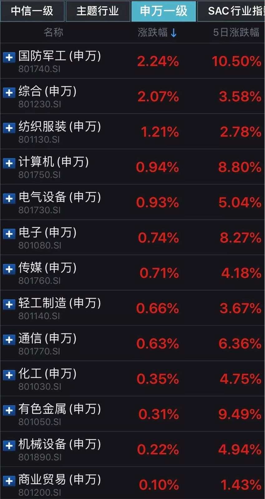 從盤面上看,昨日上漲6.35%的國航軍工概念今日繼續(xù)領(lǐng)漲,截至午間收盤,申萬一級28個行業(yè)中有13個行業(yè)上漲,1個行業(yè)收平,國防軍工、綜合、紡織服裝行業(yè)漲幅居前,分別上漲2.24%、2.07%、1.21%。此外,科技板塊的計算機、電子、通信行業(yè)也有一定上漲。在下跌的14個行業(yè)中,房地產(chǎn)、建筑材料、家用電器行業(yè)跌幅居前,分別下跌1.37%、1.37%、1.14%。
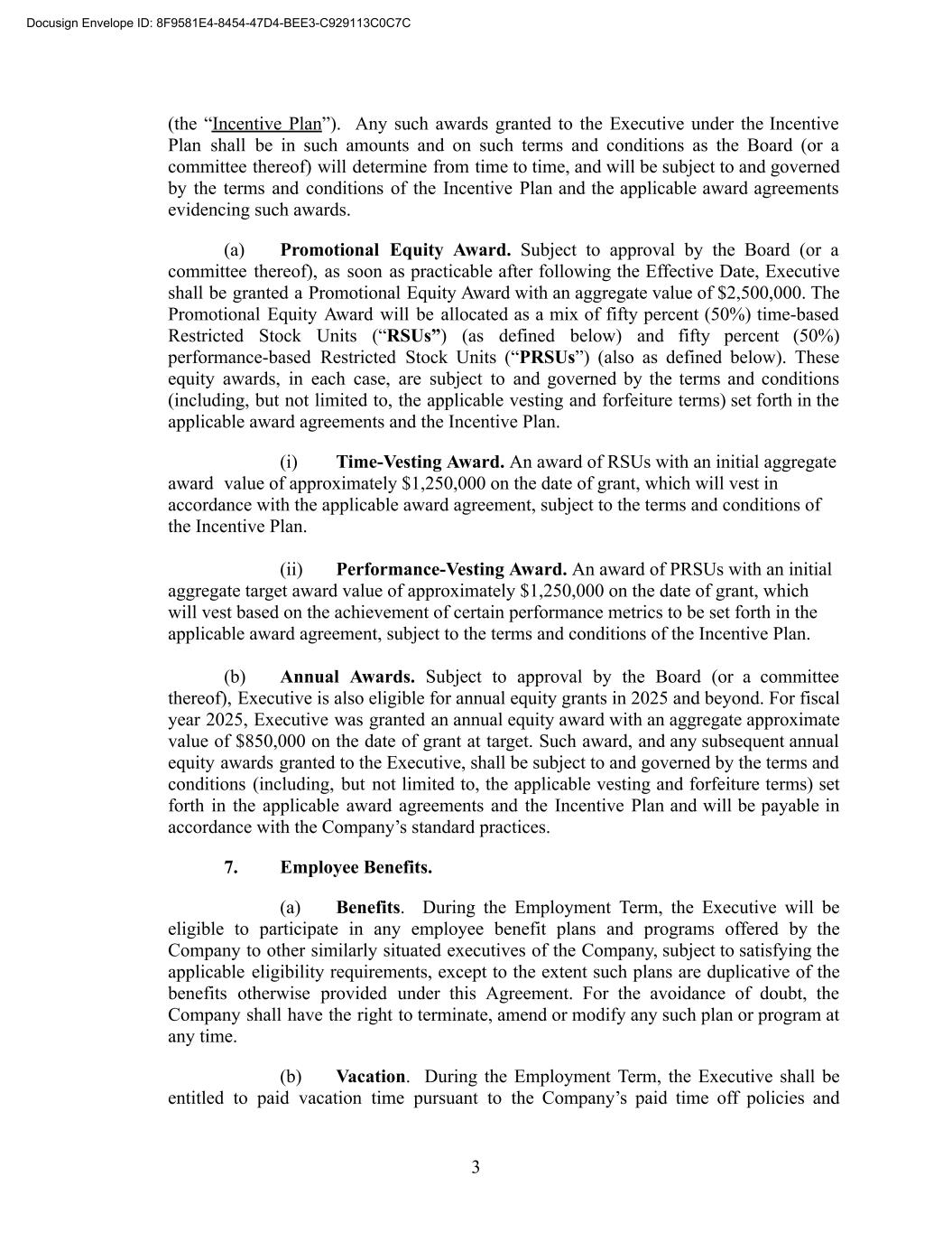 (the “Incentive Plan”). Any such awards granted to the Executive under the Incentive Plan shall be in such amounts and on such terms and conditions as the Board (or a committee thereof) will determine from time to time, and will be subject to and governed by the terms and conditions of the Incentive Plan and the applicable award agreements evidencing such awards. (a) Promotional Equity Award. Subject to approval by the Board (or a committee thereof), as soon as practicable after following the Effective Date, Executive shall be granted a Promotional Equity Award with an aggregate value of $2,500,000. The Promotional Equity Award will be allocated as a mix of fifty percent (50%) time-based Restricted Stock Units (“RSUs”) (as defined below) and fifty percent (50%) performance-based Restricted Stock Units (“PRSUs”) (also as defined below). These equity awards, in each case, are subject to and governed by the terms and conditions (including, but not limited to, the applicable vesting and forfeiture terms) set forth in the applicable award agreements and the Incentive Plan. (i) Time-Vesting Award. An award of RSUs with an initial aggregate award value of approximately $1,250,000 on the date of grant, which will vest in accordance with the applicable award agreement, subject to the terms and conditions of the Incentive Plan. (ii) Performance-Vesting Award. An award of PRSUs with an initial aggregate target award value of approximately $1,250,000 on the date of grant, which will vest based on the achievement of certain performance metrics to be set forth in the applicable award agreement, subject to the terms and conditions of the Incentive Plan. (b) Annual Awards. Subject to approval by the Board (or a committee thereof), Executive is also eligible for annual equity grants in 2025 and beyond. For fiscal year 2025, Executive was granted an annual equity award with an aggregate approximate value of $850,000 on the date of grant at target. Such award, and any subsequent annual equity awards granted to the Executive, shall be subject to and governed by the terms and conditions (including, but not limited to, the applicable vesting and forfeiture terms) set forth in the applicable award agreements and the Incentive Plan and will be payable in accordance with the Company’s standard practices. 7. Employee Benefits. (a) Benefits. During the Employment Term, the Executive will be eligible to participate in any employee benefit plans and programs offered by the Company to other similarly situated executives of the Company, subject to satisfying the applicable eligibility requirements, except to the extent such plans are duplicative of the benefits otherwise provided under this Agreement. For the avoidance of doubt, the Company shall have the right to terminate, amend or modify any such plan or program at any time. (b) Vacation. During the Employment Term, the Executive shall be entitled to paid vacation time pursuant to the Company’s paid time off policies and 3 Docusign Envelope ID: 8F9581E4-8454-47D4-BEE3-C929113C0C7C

==

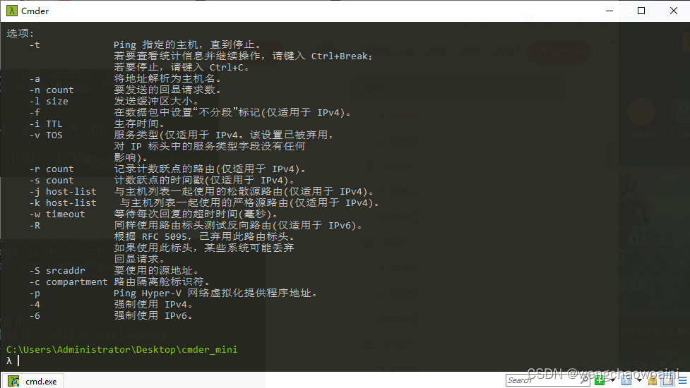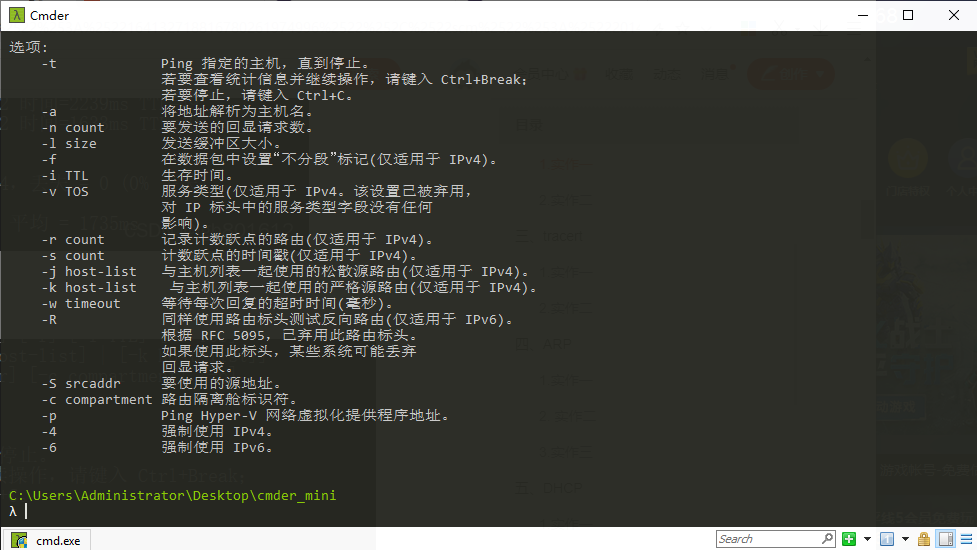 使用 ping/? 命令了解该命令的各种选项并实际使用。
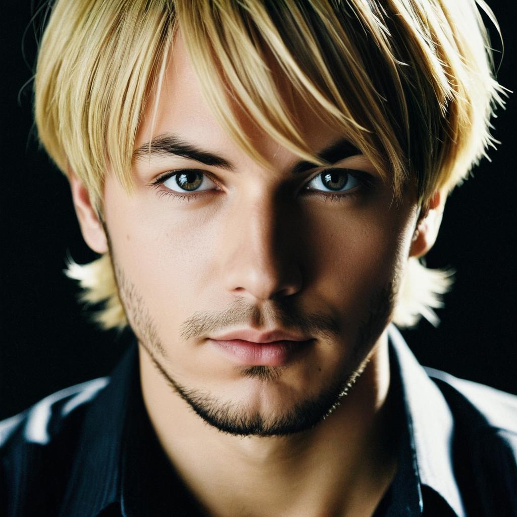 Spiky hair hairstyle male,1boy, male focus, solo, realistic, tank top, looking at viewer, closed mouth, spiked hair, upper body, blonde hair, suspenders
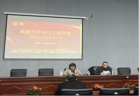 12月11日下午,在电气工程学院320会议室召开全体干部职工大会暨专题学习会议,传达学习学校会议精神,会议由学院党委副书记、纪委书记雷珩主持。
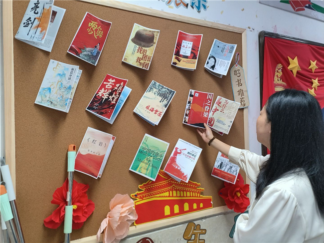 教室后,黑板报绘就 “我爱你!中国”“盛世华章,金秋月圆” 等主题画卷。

**WHAT YOU ARE ASKED TO DO**
Reproduce the lines above beginning at the line that contains "使用 ping/? 命令了解该命令的各种选项并实际使用。" and ending at the line that contains "12月11日下午,在电气工程". No pictures.

**EXERCISE RESPONSE**
 使用 ping/? 命令了解该命令的各种选项并实际使用。
 Spiky hair hairstyle male,1boy, male focus, solo, realistic, tank top, looking at viewer, closed mouth, spiked hair, upper body, blonde hair, suspenders
 12月11日下午,在电气工程学院320会议室召开全体干部职工大会暨专题学习会议,传达学习学校会议精神,会议由学院党委副书记、纪委书记雷珩主持。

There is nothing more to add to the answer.